[Bioc-devel] XVector: abstraction
Hi Michael, The OnDiskXRaw virtual class (if this is what you're referring to) is still a very early work-in-progress. The idea is to experiment with on-disk representation of atomic vectors and direct random access to subsequences of the vector. The exact storage mode is implemented by concrete subclasses (currently only DirectRaw and SerializedRaw). OnDiskXRaw is actually analog to SharedRaw except that with the latter the "shared" sequence of bytes resides in memory. If we had "on-disk" support for all atomic vectors, it sounds like it would then be easy to support "on-disk" versions of higher-level objects like IRanges or GRanges. They would be defined as their "in-memory" counterpart except that the slots that are atomic vectors in the "in-memory" version would just need to be replaced by "on-disk" atomic vectors. "On-disk" versions of DNAString (and even DNAStringSet) objects could also easily be implemented e.g. by just making the "shared" slot an OnDiskXRaw object instead of a SharedRaw object. Putting SharedRaw and OnDiskXRaw under the same umbrella (i.e. under a virtual class) and using that virtual class to specify the slot of higher-level objects like DNAString is tempting but realistically we don't operate on an on-disk object like we do on an in-memory object. Having an "on-disk" version of DNAString with direct random access was in fact the initial motivation for OnDiskXRaw. The use case for this was to support direct random access in BSgenome objects without having to change the way the chromosomes are stored on disk (they're stored as serialized raw vectors). I've finally implemented this feature (will soon be pushed to BioC devel) but I changed the storage and didn't use OnDiskXRaw in the end. H.
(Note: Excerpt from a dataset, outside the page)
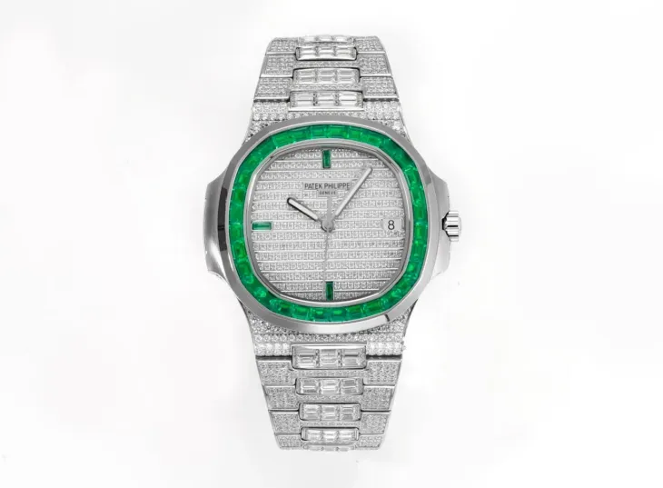 The Replica Swiss Patek Philippe Nautilus Platinum Green Diamond 40mm delivers an extraordinary blend of high jewelry craftsmanship and iconic watch design. Inspired by one of the most exclusive Nautilus variations, this model features a striking green dial accented by emerald-style detailing and a fully diamond-set case and bracelet, creating a bold and unmistakable presence.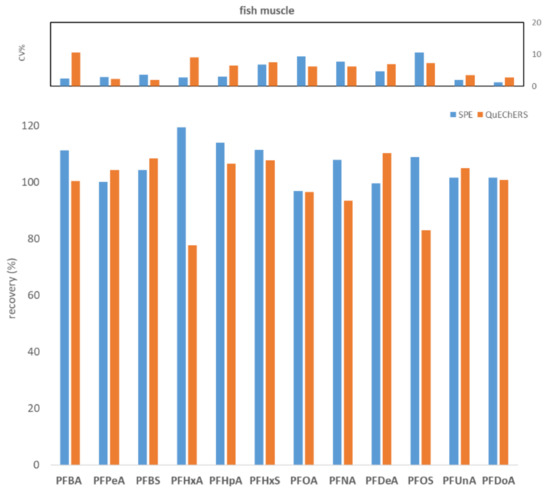 Comparison between SPE and QuEChERS in terms of repeatability (calculated as CV% of seven replicates at 100 ng/kg) and recovery (calculated as the average of seven replicates at 100 ng/kg) for the fish muscle matrix.

On 12/05/2013 06:43 AM, Michael Lawrence wrote:
A nice goal for the XVector package would be full implementation of the R vector API on top of the already existing memory-sharing (rather than memory-duplicating) data structures. The actual storage mode of the data should be obviously be abstracted, e.g., on-disk should be treated the same as the externalptr representation. Much of the implementation will need to be in C, unless we want to pay the price of extracting things into ordinary R vectors. Should the abstraction be therefore dropped down to the C level, so that the implementations can more easily share from each other? Anything to gain here from the externalVector package? [[alternative HTML version deleted]]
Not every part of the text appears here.